_SUPPLIED RECORDS:_
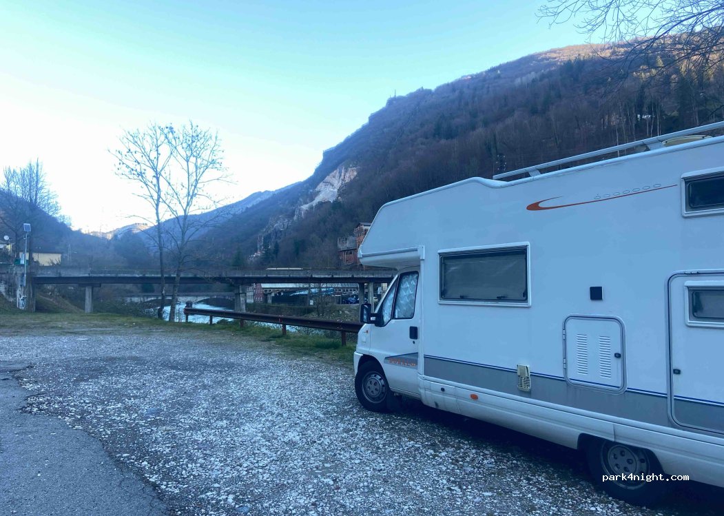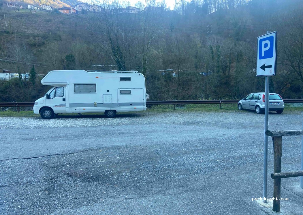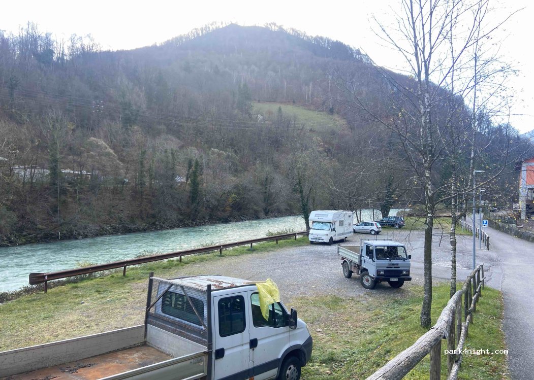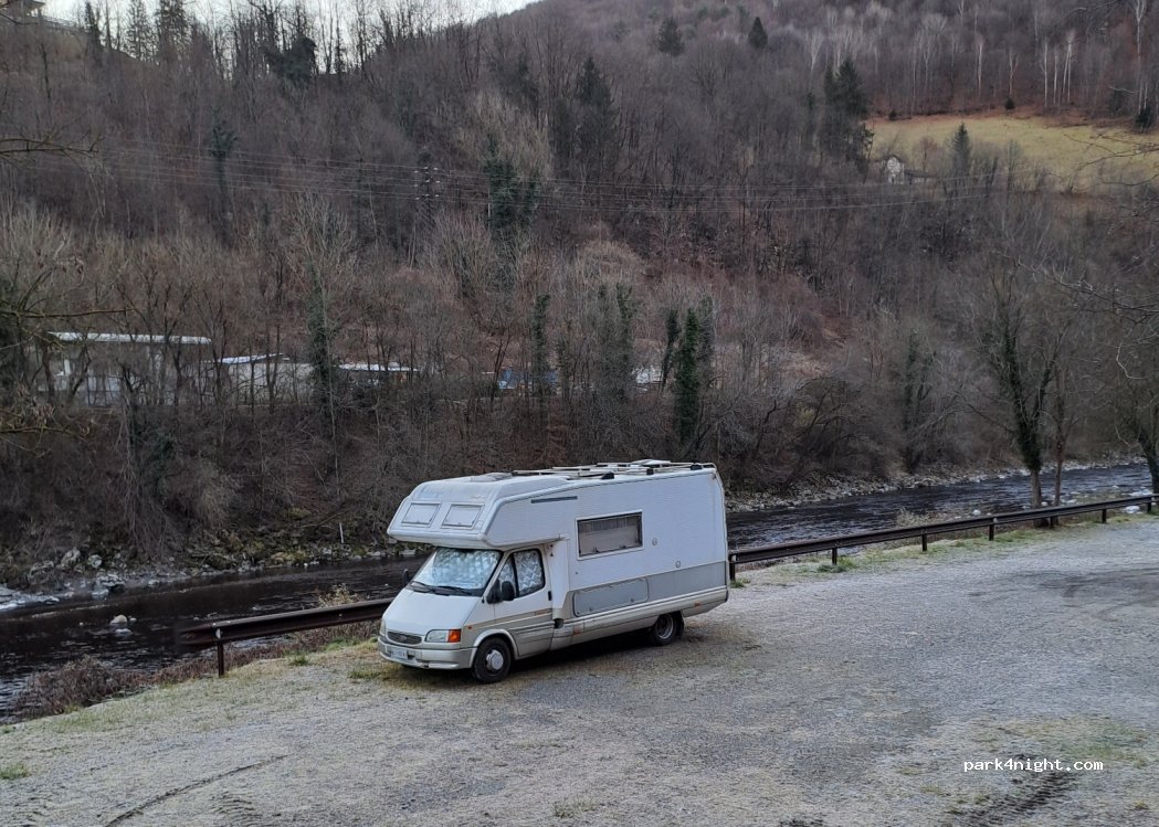 Ampio parcheggio sterrato di fianco al fiume (il rumore dell’acqua che scorre è molto presente ma a noi non dava fastidio). Non è presente alcun divieto di pernottamento, quindi noi ci siamo fermati una notte.
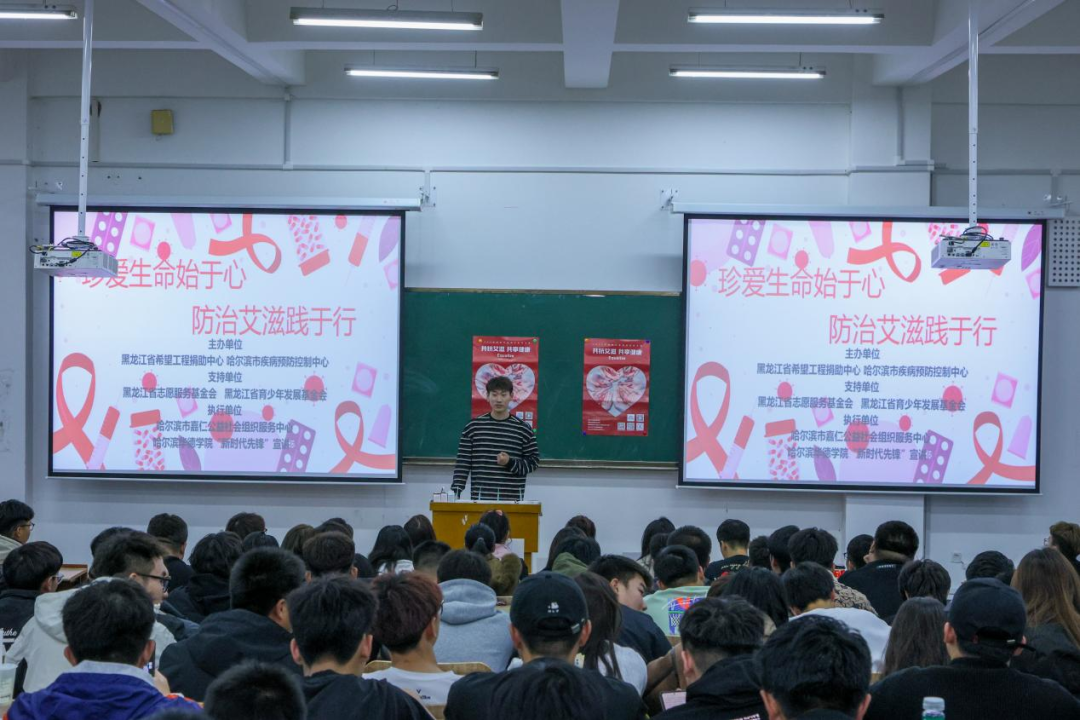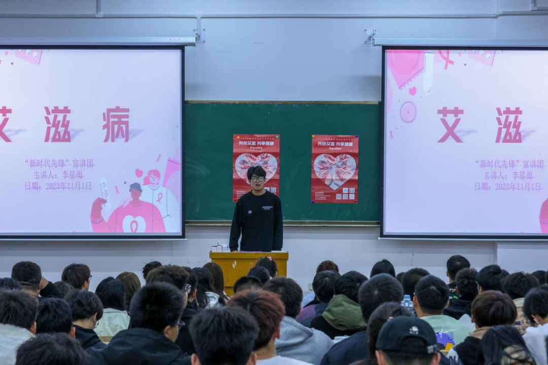 会上,“新时代先锋”宣讲团执行主席李星雨和周信飞进行宣讲,宣讲员为同学们介绍了艾滋病的概念、传播途径、防护措施和艾滋病的危害等知识。随后,宣讲团员详细介绍了如何预防艾滋病病毒,遏制艾滋病,提高自我保护能力。
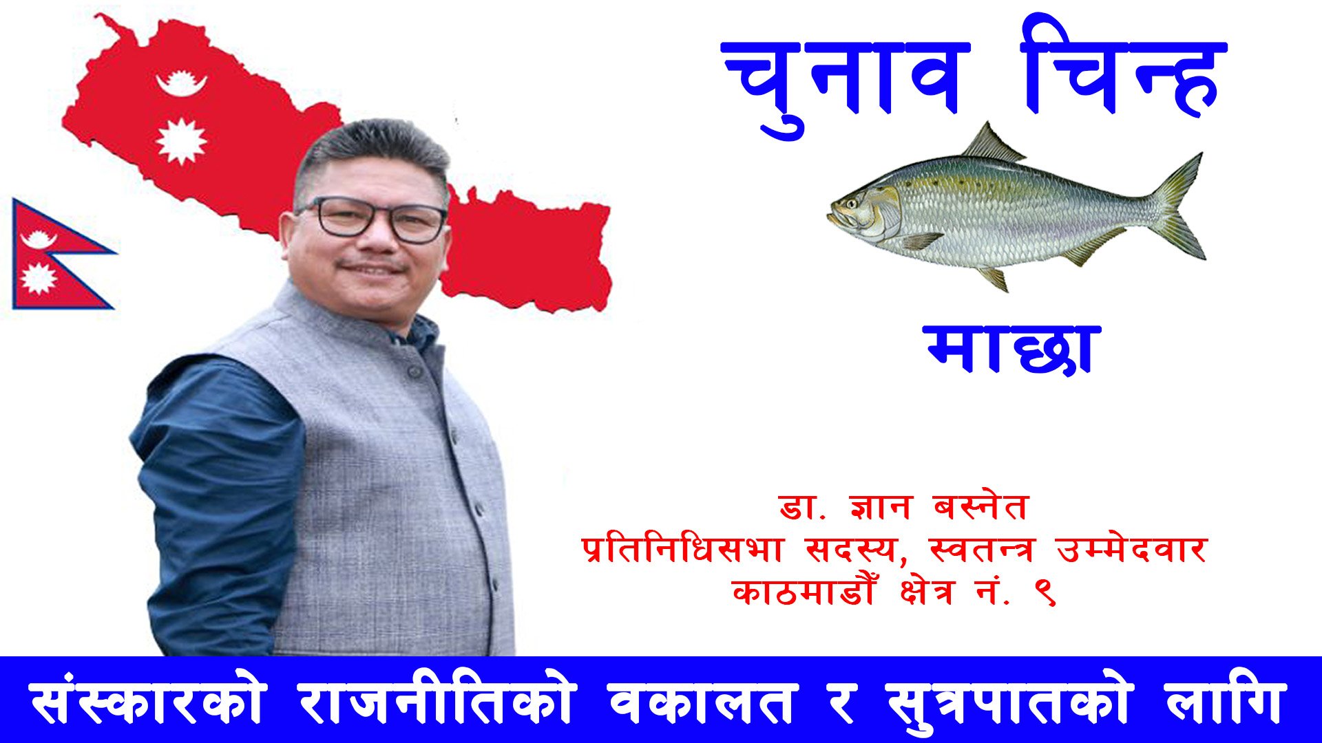 काठमाडौँ – काठमाडौँ क्षेत्र नं. ९ बाट प्रतिनिधिसभा सदस्यका स्वतन्त्र उम्मेदवार डा. ज्ञान बस्नेतले ‘माछा’ चुनाव चिन्ह पाएका छन् ।
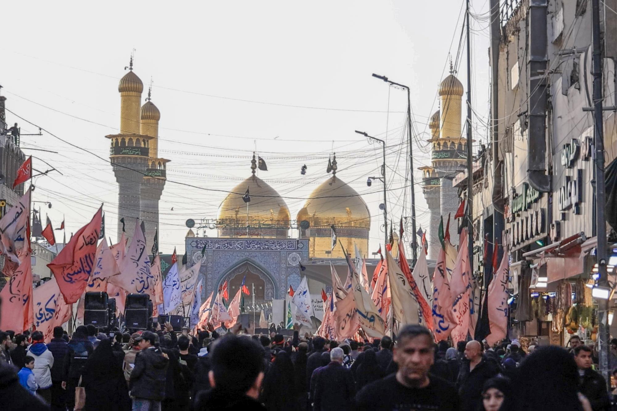 بذكرى شهادته.. جموع المعزين تواصل توافدها سيرًا على الأقدام نحو مرقد الإمام الكاظم (عليه السلام)
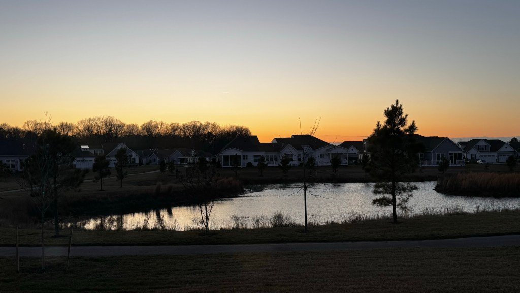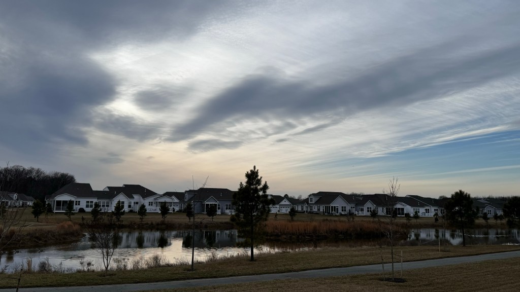 Tonight’s sky. Almost missed this since the clouds were to the left of our home over the other pond
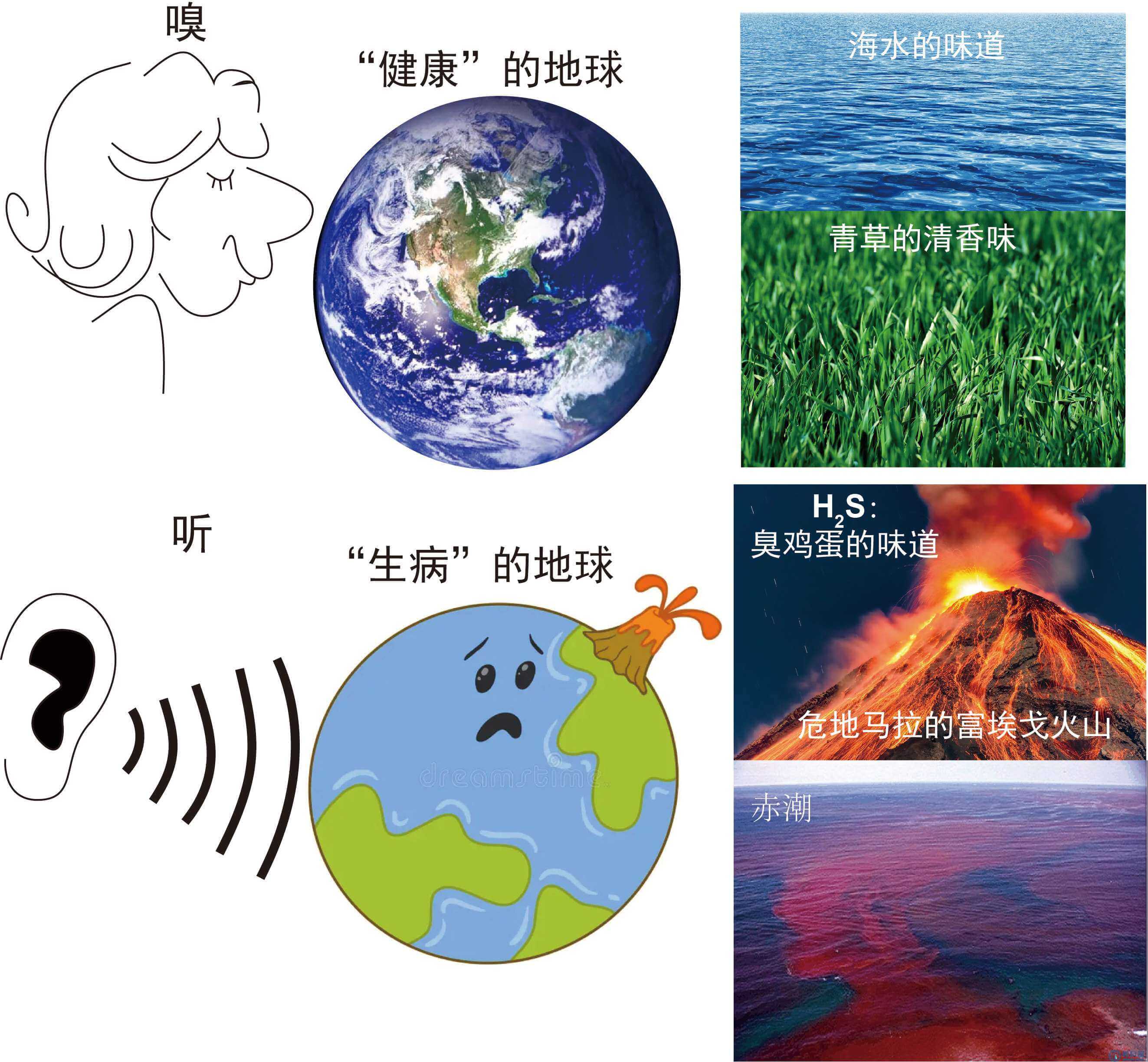 用鼻子嗅一嗅地球,会闻到什么味儿呢?有各种花朵的花香味(如玫瑰花、茉莉花、栀子花等)、水果的果香味(如苹果、芒果、百香果、榴莲等)、香料的香味、青草的清香味(图2);还有下雨时大地散发的“土腥味”。这些都是健康的味道。当地球“不适”时,味道就变了。海洋的腥臭,是水体富营养化的“警告”;刺鼻的硫磺味(臭鸡蛋味),是火山这位“地球的内火”正在“上火”的明确信号(图2),这犹如人体内火旺盛发出的口臭味。
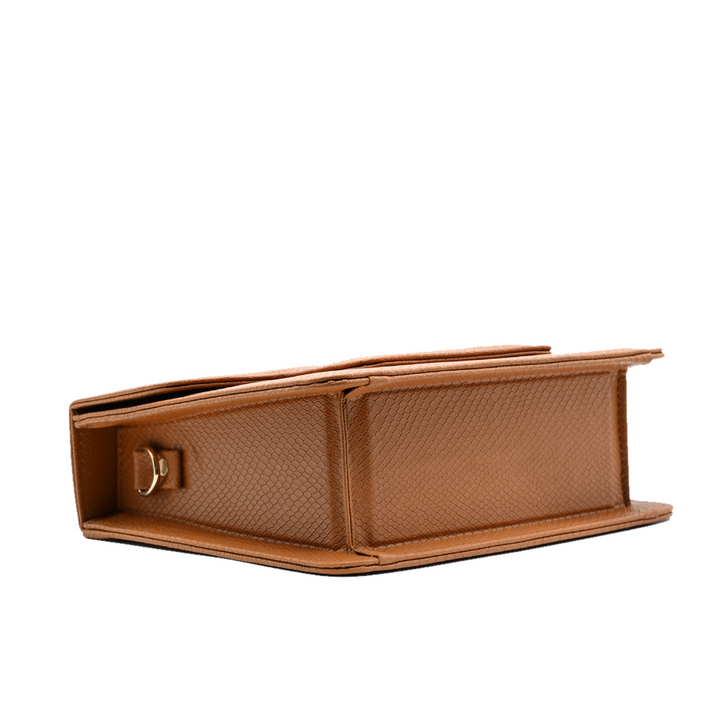 The Lustre Pearl Tote in tang (warm orange-brown) is a statement piece that blends boldness with elegance. Featuring a pearl handle and gold hardware, this bag brings a perfect balance of trend and tradition. Its rich earthy tone makes it ideal for everyday wear and festive occasions alike.

_YOUR GOAL:_
Leave the pictures out, then print every entry exactly as it reads.

_RESULT OF THE TASK:_
 Ampio parcheggio sterrato di fianco al fiume (il rumore dell’acqua che scorre è molto presente ma a noi non dava fastidio). Non è presente alcun divieto di pernottamento, quindi noi ci siamo fermati una notte.
 会上,“新时代先锋”宣讲团执行主席李星雨和周信飞进行宣讲,宣讲员为同学们介绍了艾滋病的概念、传播途径、防护措施和艾滋病的危害等知识。随后,宣讲团员详细介绍了如何预防艾滋病病毒,遏制艾滋病,提高自我保护能力。
 काठमाडौँ – काठमाडौँ क्षेत्र नं. ९ बाट प्रतिनिधिसभा सदस्यका स्वतन्त्र उम्मेदवार डा. ज्ञान बस्नेतले ‘माछा’ चुनाव चिन्ह पाएका छन् ।
 بذكرى شهادته.. جموع المعزين تواصل توافدها سيرًا على الأقدام نحو مرقد الإمام الكاظم (عليه السلام)
 Tonight’s sky. Almost missed this since the clouds were to the left of our home over the other pond
 用鼻子嗅一嗅地球,会闻到什么味儿呢?有各种花朵的花香味(如玫瑰花、茉莉花、栀子花等)、水果的果香味(如苹果、芒果、百香果、榴莲等)、香料的香味、青草的清香味(图2);还有下雨时大地散发的“土腥味”。这些都是健康的味道。当地球“不适”时,味道就变了。海洋的腥臭,是水体富营养化的“警告”;刺鼻的硫磺味(臭鸡蛋味),是火山这位“地球的内火”正在“上火”的明确信号(图2),这犹如人体内火旺盛发出的口臭味。
 The Lustre Pearl Tote in tang (warm orange-brown) is a statement piece that blends boldness with elegance. Featuring a pearl handle and gold hardware, this bag brings a perfect balance of trend and tradition. Its rich earthy tone makes it ideal for everyday wear and festive occasions alike.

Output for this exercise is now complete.